**TO DO:** Give back an exact copy of the listing that follows, without the pictures.

**SOURCE MATERIAL:**
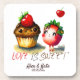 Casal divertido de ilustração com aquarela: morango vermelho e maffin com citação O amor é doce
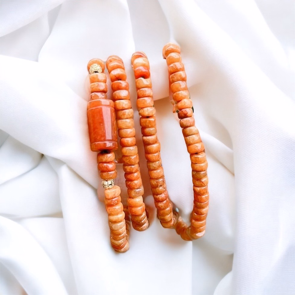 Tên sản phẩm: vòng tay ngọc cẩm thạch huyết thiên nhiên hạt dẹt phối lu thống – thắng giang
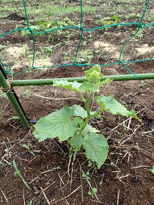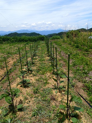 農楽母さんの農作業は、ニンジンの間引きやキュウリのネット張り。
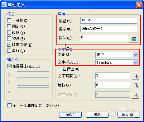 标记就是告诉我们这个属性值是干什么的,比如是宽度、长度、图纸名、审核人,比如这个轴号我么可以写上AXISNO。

**EXERCISE SOLUTION:**
 Casal divertido de ilustração com aquarela: morango vermelho e maffin com citação O amor é doce
 Tên sản phẩm: vòng tay ngọc cẩm thạch huyết thiên nhiên hạt dẹt phối lu thống – thắng giang
 農楽母さんの農作業は、ニンジンの間引きやキュウリのネット張り。
 标记就是告诉我们这个属性值是干什么的,比如是宽度、长度、图纸名、审核人,比如这个轴号我么可以写上AXISNO。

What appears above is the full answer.